Я сидел на скамейке, потом гулял за деревней и опять сидел. Тоня так и не вышла. Мне показалось, что на одном из окон шевельнулась занавеска. После этого я просидел еще полчаса, но в доме было темно и тихо.

Когда я вернулся, Юрка не спал. Против своего обыкновения, он спросил на этот раз:

— Тоню видел?

Я помолчал, тщательно расправляя на спинке венского стула брюки. Потом все-таки ответил:

— Нет, не видел.

— Между прочим, заходила Жанна. Говорит, что над нами смеется вся деревня.

— Чего же она грустит?

— Боится, что ты по своей неопытности женишься или наделаешь еще каких-нибудь глупостей.

— Ну, не ее забота.

— Оно, конечно. Но все-таки я прав был — тебе не нужно было впутываться в это дело.

— Что так?

— Я могу быть откровенным? Во-первых, ты сделал ту самую ошибку — помнишь разговор о кабардинках?

— Во-вторых?

— Во-вторых, ухаживая вдвоем, мы дали ей карты в руки. Два москвича на одну доярку — многовато.

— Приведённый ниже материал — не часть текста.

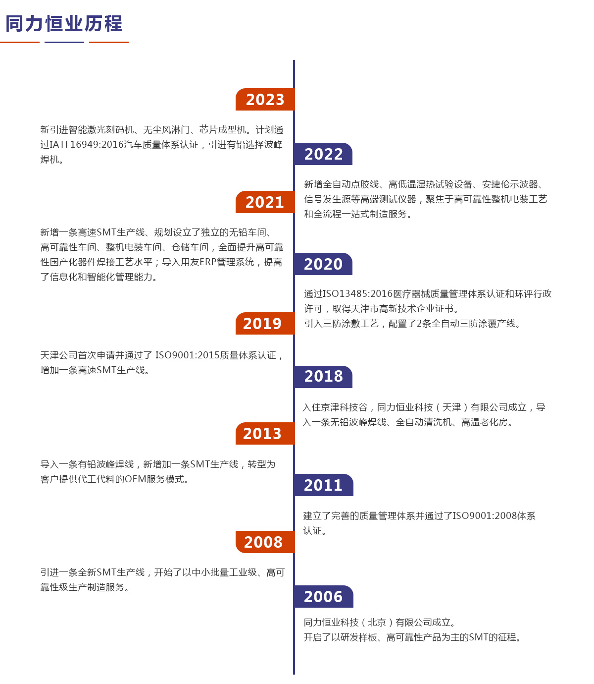 同力恒業(yè)科技成立于2006年,專業(yè)從事電子制造服務(EMS),專注于為客戶提供產品開發(fā)、工藝設計、物料配套、精密貼裝、插件焊接、三防涂敷、整機電裝、測試老化以及包裝運輸、售后維修等整個供應鏈解決方案。公司定位于高可靠性及中高端產品電子制造服務,在通訊導航、儀器儀表、醫(yī)療設備、汽車電子等領域具有豐富的一站式制造服務經驗。

— Может, и в самом деле много. Так я не возражаю, если ты меня оставишь одного.

— Раз уж ты мне разрешил, я буду откровенным до конца. Тебе оставшихся дней хватит разве на то, чтобы сунуть голову в петлю.

— А тебе?

— Ну, в общем, давай спать…

На следующий день — напоследок нам пришлось поработать на станции как следует — мы к нашему разговору не возвращались. Идя после работы, не сговариваясь, свернули с дороги и вышли к ферме.

Встретила нас Прасковья.

— Приветствую! — сказал ей Юрка, но Прасковья даже не улыбнулась.

— Что надо? — спросила она.

— А в чем дело? — насторожился Юрка.

— А в том, что на ферму посторонним вход запрещен.

— С каких это пор?

— А с таких, что ходите и заразу носите.

— Антонину вы можете позвать?

— Нету Антонины. Была, да вся вышла.

В тот вечер на «сковородку» мы не пошли. И на следующий день — ни на ферму, ни на «сковородку». Вечер кое-как протянули за картишками. Когда же стемнело так, что короля стало не отличить от дамы, с облегчением бросили игру.

Юрка был великолепно молчалив на этот раз.

— Все это хорошо, конечно, — прервал я молчание.

— А, брось! — перебил Юрка. — Все очень просто. Мы получили коленкой под зад, и нечего чесать ушибленное место.

— Он был в ударе, — скаламбурил я, но врать не стал, будто Юрка не понял меня.

Однако Юркина манера затыкать рот вызывала «супротивное» желание обсудить ситуацию.

— А тебе не кажется странным, — сказал я, — что мы за последние дни ни разу не видели Тони?

— Нет, не кажется.

— Коленкой под зад можно было дать и эффектней.

— Оставь эффекты себе.

— Я не о том. Для чего ей было исчезать?

— Но ведь за такие штучки можно и "схлопотать".

— Ха! Разве не ты жаждал испытать "величье любви неразделенной и смешной"? За что же тут «схлопатывать»? Но постой, я не о том. Постой, у меня в самом деле мысль. Ты говорил, ее дядька тяжел на руку? Может, он ее за нас так разукрасил, что она на люди выйти стесняется?

Я убеждал, что наш долг в таком случае — вырвать ее отсюда, помочь устроиться в городе. Юрка не отзывался, но и не перебивал меня: уныло и негромко насвистывая, таращился в одну точку.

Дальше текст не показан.